Would you please repeat, word for word, only the lines from the one holding "In this scenario, frontier" through the one holding "Como de todo" in the material below, without the pictures?

(Dataset extract):

=== Begin Enclosure ===

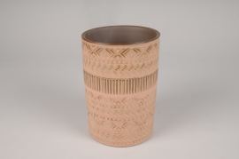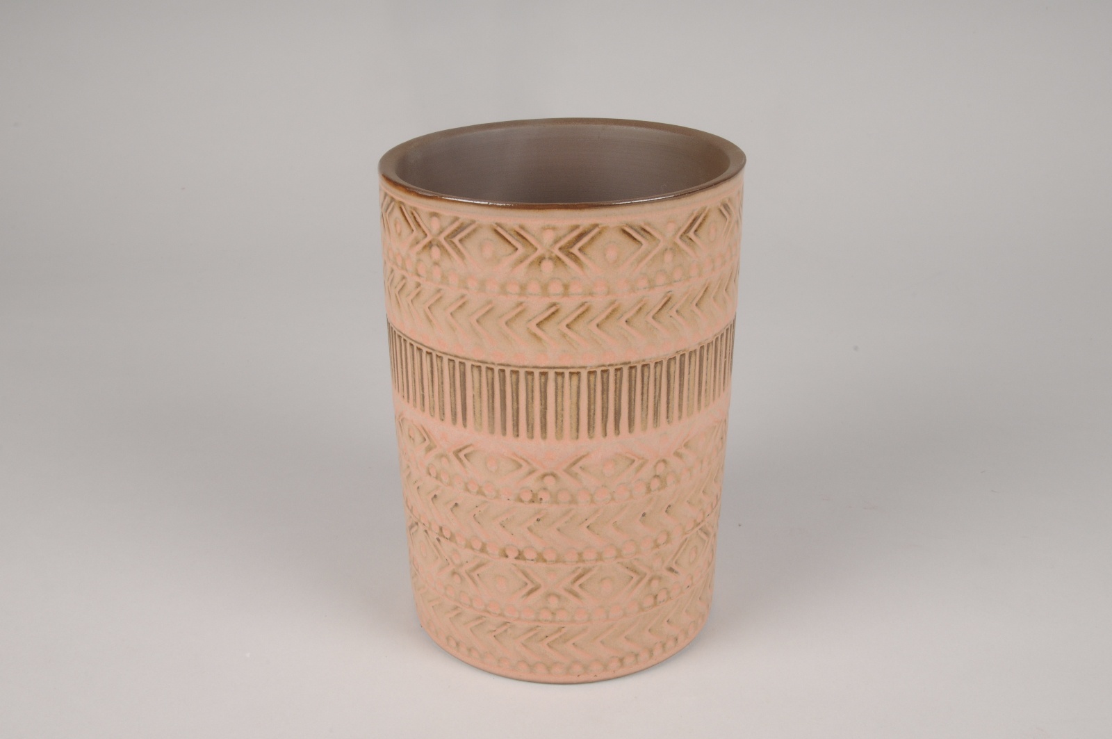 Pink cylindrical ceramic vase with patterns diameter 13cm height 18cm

=== End Enclosure ===
=== Begin Enclosure ===

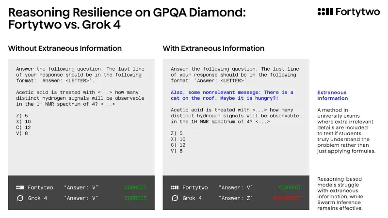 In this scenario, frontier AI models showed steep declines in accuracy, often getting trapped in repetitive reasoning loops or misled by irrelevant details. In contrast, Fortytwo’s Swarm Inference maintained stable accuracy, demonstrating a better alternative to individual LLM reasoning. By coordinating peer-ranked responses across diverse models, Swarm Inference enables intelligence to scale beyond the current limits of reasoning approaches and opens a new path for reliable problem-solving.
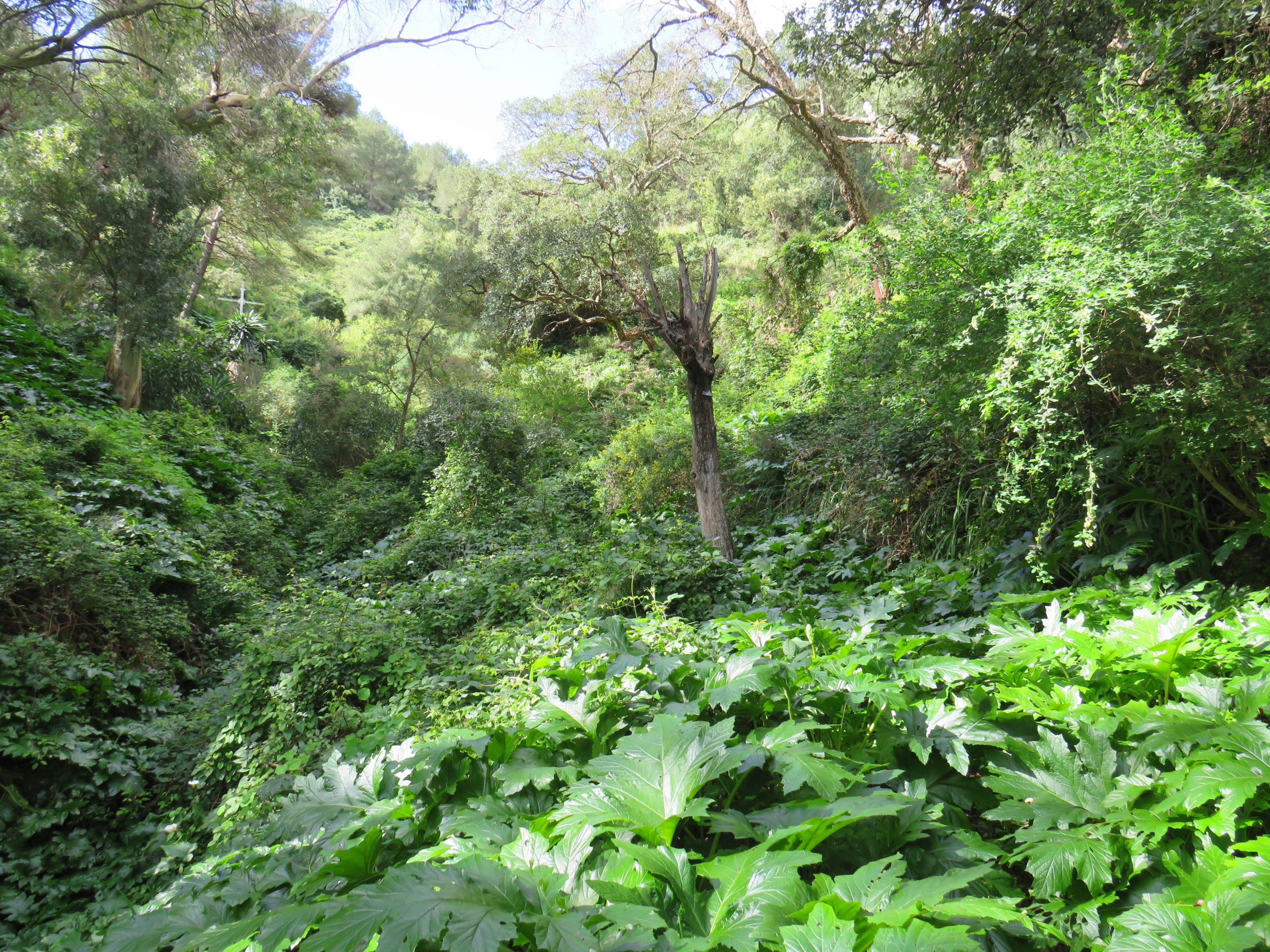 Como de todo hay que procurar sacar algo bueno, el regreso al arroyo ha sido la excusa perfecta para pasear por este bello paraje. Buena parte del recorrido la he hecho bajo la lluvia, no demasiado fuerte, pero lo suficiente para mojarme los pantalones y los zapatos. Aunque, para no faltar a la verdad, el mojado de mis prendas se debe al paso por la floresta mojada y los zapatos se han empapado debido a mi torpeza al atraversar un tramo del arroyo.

=== End Enclosure ===

(Output of the exercise):
 In this scenario, frontier AI models showed steep declines in accuracy, often getting trapped in repetitive reasoning loops or misled by irrelevant details. In contrast, Fortytwo’s Swarm Inference maintained stable accuracy, demonstrating a better alternative to individual LLM reasoning. By coordinating peer-ranked responses across diverse models, Swarm Inference enables intelligence to scale beyond the current limits of reasoning approaches and opens a new path for reliable problem-solving.
 Como de todo hay que procurar sacar algo bueno, el regreso al arroyo ha sido la excusa perfecta para pasear por este bello paraje. Buena parte del recorrido la he hecho bajo la lluvia, no demasiado fuerte, pero lo suficiente para mojarme los pantalones y los zapatos. Aunque, para no faltar a la verdad, el mojado de mis prendas se debe al paso por la floresta mojada y los zapatos se han empapado debido a mi torpeza al atraversar un tramo del arroyo.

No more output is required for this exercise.